South Korean soldier (1998–2021)

Byun Hui-su (11 June 1998 – 27 February 2021) was a South Korean soldier. Known as the first openly transgender soldier in Republic of Korea Army, she had risen to the rank of staff sergeant and was a tank driver before being discharged from the army in January 2020 after she underwent gender reassignment surgery in Thailand in November 2019. She had fought for the right to continue serving in the army, but was denied and discharged. The army subsequently denied her request for reinstatement in July 2020.

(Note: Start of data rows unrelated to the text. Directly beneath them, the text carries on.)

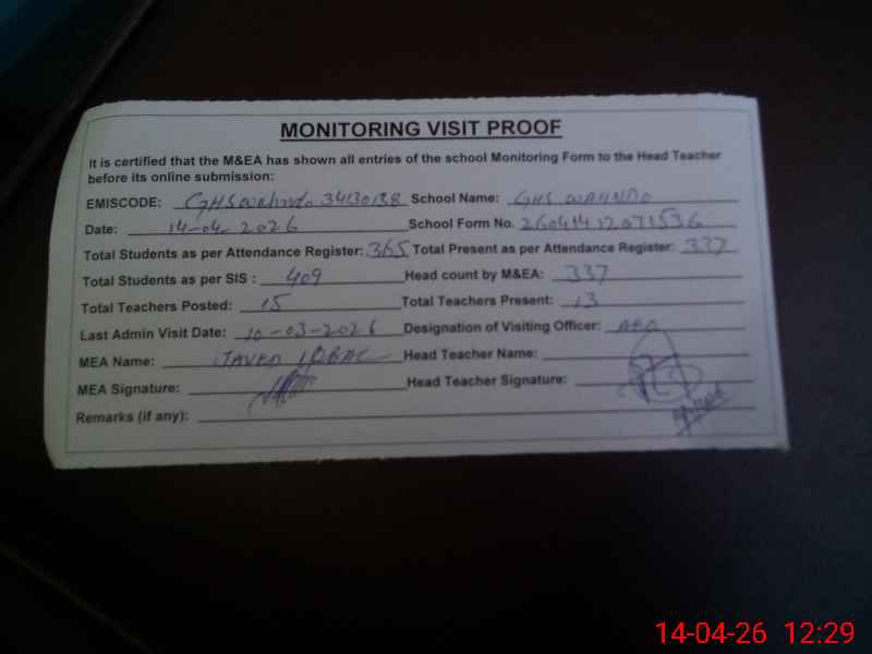 | EMIS Code: 34130138 | Name of School: GHS WAHNDO | |||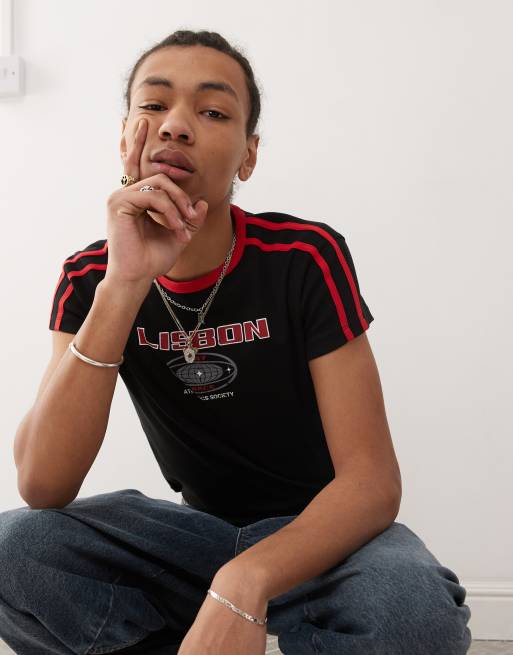 COLLUSION - Voetbalshirt met gekrompen pasvorm in zwart met Lisbon-print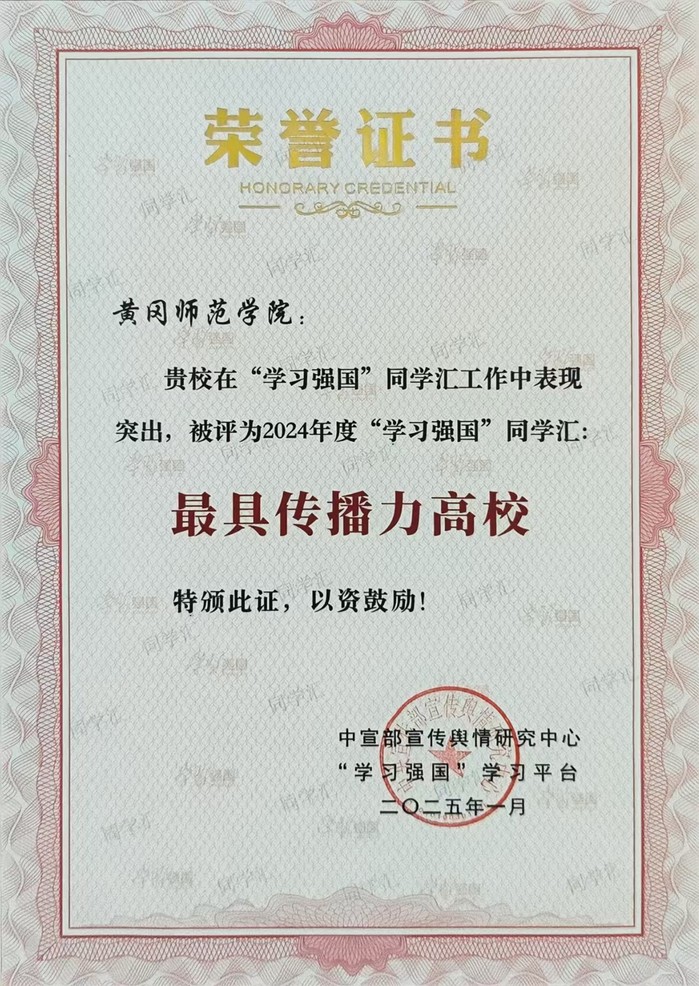 【黄师荣誉】我校荣获“学习强国”学习平台“最具传播力高校”称号

Speaking about her decision to undergo surgery, she stated, "I thought I would finish serving in the army and then go through the transition surgery and then reenter the army as a female soldier. But my depression got too severe. I want to show everyone that I can also be one of the great soldiers who protect this country."

On 3 March 2021, she was found dead in her home. Workers from the Sangdanggu National Mental Health Center, where Byun received treatment, called for someone to check up on her as they hadn't been able to reach her since 28 February. The fire department arrived at Byun's house, and found her body at 5:49 pm KST. Her body had already started to decompose. She was concluded to be dead on 27 February 2021.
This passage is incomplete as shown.